Imagine if instead of wasting hours in traffic, you could one day fly above it for a price only slightly higher than a subway ride.
That's the idea behind SkyTran, a self-driving monorail designed to hover 20 feet above roads and travel up to 155 mph. The system would turn a two-hour car commute into a 10-minute trip, SkyTran CEO Jerry Sanders tells Tech Insider.
The company just announced that it will launch its first-ever track in Lagos, Nigeria by 2020. The World Bank commissioned Systra, a global transportation consulting firm, to find a railway that could help alleviate traffic in the city, and SkyTran was chosen.

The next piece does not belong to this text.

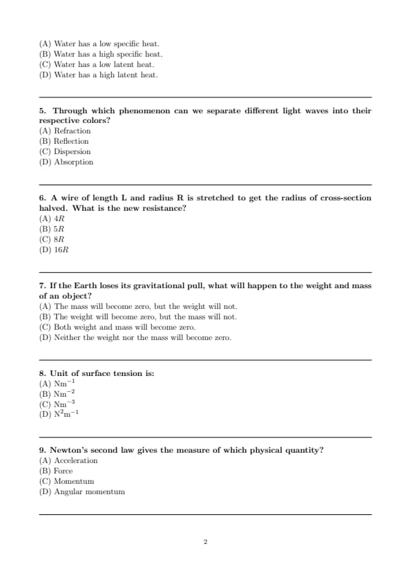 - (D) Angular momentum

Lagos has some of the worst traffic jams in the world, due largely to its island-locked financial hub and exponential population growth. To put things in perspective, the city has more than twice the population as New York City but roughly the same land area.
"Everyone hates commuting, but there are no solutions," Sanders tells Tech Insider. "The only way to get around traffic is to literally go above it."
Take a look.
SkyTran opened a 900-foot test station on the campus of Israel Aerospace Industries near Tel Aviv in late 2015. By the end of 2016, it will start construction of a 25-mile track in Lagos (An exact route in the city has not yet been planned).

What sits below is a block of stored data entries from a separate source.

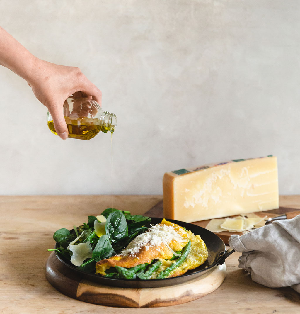 Serve the omelette with a salad of young spinach leaves and a few shavings of Sbrinz AOP plus a drizzle of olive oil.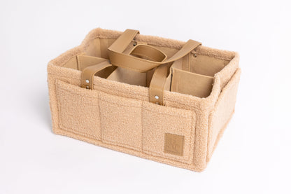 Our caddy is made from high quality teddy velvet fabric, designed with strong vegan leather handles, The lining is also waterproof, it's removable and washable.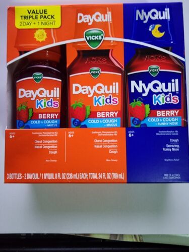 You are Buying a brand New And Factory Sealed Vicks DayQuil NyQuil Kids Cold Cough Liquid, Berry, 8 Fluid Ounce (3 Count).... DayQuil and NyQuil Kids Cold Cough Liquid value triple pack includes 2 day + 1 night.

Developed by Doug Malewicki, an engineer at NASA's Ames Research Center, the 300-pound pods use magnets to hang from slender rails.
NASA and SkyTran designed four different types of steel and aluminum pods: one that seats two people, one that seats four, one for the disabled, and one for larger cargo. Here's the latest prototype:
SkyTrans' aluminum rail levitates with help from gravity, a magnet, and a short burst of electricity. Once the pod reaches 10 mph, it continues to glide and accelerate without any additional power. Skytran uses the same amount of electricity as two hair dryers, Sanders says.
It's capable of traveling 155 mph, but the pods in Lagos will likely travel 45 to 65 mph to start, Sanders says. Based on need, the city may increase the system's speed.
The company says it will only cost about $13 million per mile to build, whereas a subway system can cost at least $160 million for the same distance.
The tracks could run through universities and offices in Lagos, Sanders says. The small stations could even be built in apartment lobbies.
Like normal public transportation, SkyTran could have stations around the city. Sanders estimates that a pod ride would cost only slightly more than Lagos trains.
To request a pod, riders enter their pick-up location and destination in the SkyTran app (assuming they have a smartphone). Unlike a typical light rail or subway system, SkyTran also won't have a schedule — Passengers will just get in the first pod that shows up.
SkyTran's system will then send passengers automatically to their destinations. If the pod needs to stop at a station, it will move to another rail so that the one behind it can pass. The pods theoretically never need to stop for traffic.
The company will spend the next few months planning the route and securing labor and supplies for construction. Sanders hopes to expand to other countries, like India, France, and the US within the next decade.
The ultimate goal is to make driving in cities history, Sanders says. "Countries can't afford to have people spend hours a day stuck in traffic." In congested cities, it may just be the transit alternative we need.